While most of my servers automatically synchronize over night and usually at the full speed my lines have to offer, i.e. 40 Mbit/s, I have some machines that I occasionally interact during daytime and in the evening and data transfers of several gigabytes at a time are not an exception. In other words, if there is a throughput problem it immediately becomes apparent. And I soon noticed that especially during evening hours, the backbone links can’t by far support such data rates and there is significant packet loss. To further investigate I started running a script that automatically transferred data once an hour to see what the throughput is. Quite to my surprise it soon showed that throughput is usually o.k. until around 8 pm in the evening at which time there is a sharp and dramatic drop in throughput from 40 Mbit/s down to 2-4 Mbit/s or even less and a massive increase in packet loss. Things get back to normal at around midnight.
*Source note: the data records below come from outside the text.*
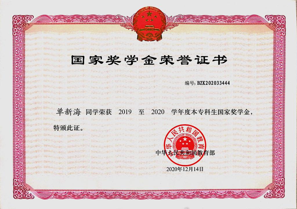 单新海父亲患有脑梗死、母亲腰间盘突出,腿部手术,家境贫寒加上自身心脏不好让他的求学之路比普通人更加艰辛,但是他仍不放弃学业,以乐观积极的态度面对挫折,克服重重困难,实现大学梦,大学入学至今,单新海连续两年获得专业双第一以及校一等优秀学生奖学金,校三好学生等荣誉,更是于2019年获得国家励志奖学金,2020年获得国家奖学金,为身边同学树立了模范作用。
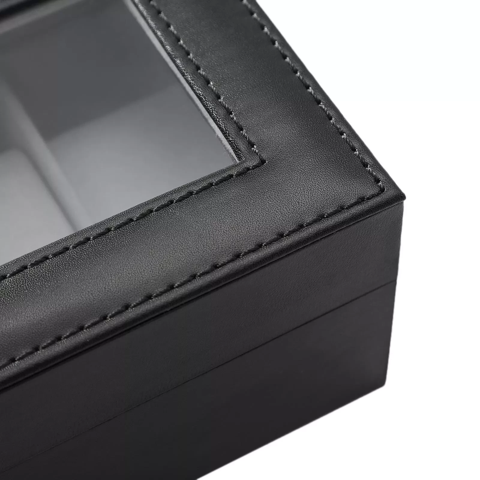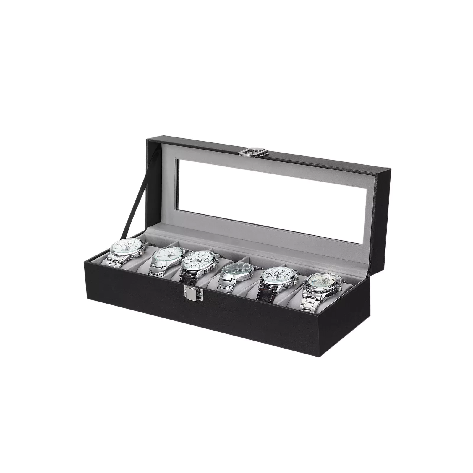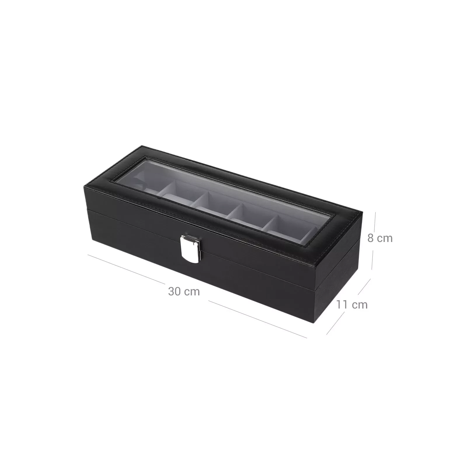 Where's my watch? Do you always forget where you put your watch? Classic and elegant, this glass-topped watch box holds 6 timepieces that were previously gathering dust on your bedside table or sitting in a dresser. Protection is a priority Whether you're an avid watch enthusiast or just starting out collecting, you should protect your jewelry. The high-quality velvet lining, slim shaped cushions and glass lid of this watch case are ideal for protecting your watches from scratches. In addition, the box offers a perfect presentation area for your timepieces, so that you can admire them or show them to your friends at any time.A perfect gift ideaDo you know a watch lover? This watch storage box is a perfect gift for your dad, boyfriend or husband - whether it's for a birthday, Father's Day, Valentine's Day, graduation or Christmas. If you currently keep your personal watch in your girlfriend's jewelry box, you can also treat yourself to this chic accessory.Product details:- Color: Black-Grey- Material: MDF (medium-density fibreboard), velvet, PU synthetic leather, glass- Size : 30 x 11.2 x 8 cm (L x W x H) - Weight: 0.6 kg Package Contents: - 1 x watch box
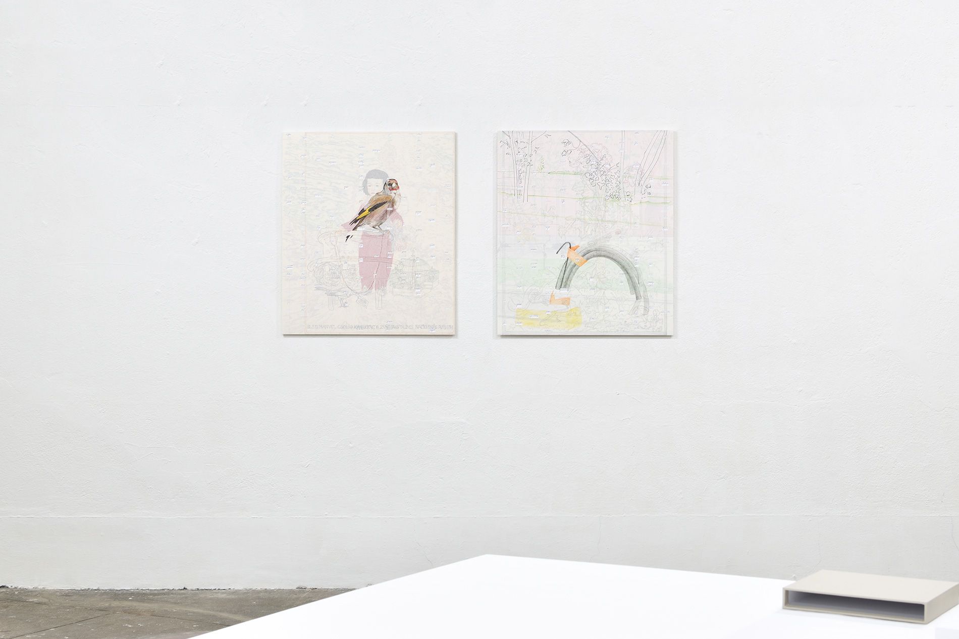 Deux panneaux 84 x 72 cm, MDF 10 mm, papier, papier de soie coloré, pastel ciré, feutre, stylo, crayon de couleur
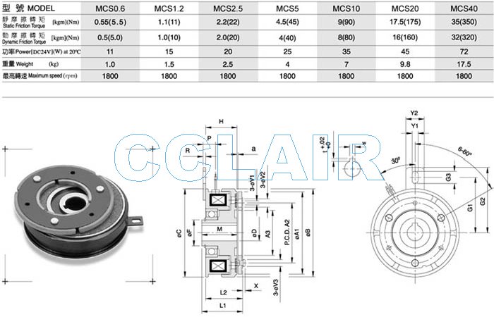 詳細信息 MCS0.6,MCS1.2,MCS2.5,MCS5,MCS10,MCS20,MCS40,電磁式離合器
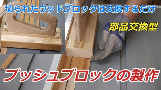 テーブルソーで使うプッシュブロックですが、今回は鋸刃の真上から押さえることが出来る自己犠牲型です。プッシュブロックも切られますが、底板は交換できるようになっています。下の写真をクリックすると動画を見ることが出来ます。 |
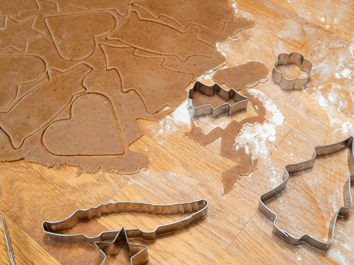 The gingerbread cookie dough was hard to work with at first, but settled down with time. Some sources advise trying to keep the dough cool; our dough worked better when it had time to warm up a bit. The cookies had a lot of flavour but were not quite as crispy as I would want, so the recipe is not yet perfect enough for sharing.

Obviously this is quite unsatisfactory so I started experimenting. Instead of directly communicating between my Cologne and Paris sites, I established SSH tunnels from each end to a server located in the cloud. When using this detour I get full speed at any time during the day. A traceroute from each end shows that different backbone links are used which seem not to suffer from congestion. I’ve been observing this for at least two months now and things have not really improved, somebody really doesn’t care that their transit or peering is hopelessly under-dimensioned for evening traffic.

I could start complaining now but what are the chances that things would change? Probably not very high so I won’t even bother. Instead, I’ve made sure my semi-automatic man-in-the-middle SSH setup works without too much hassle and rather work around the problem creatively.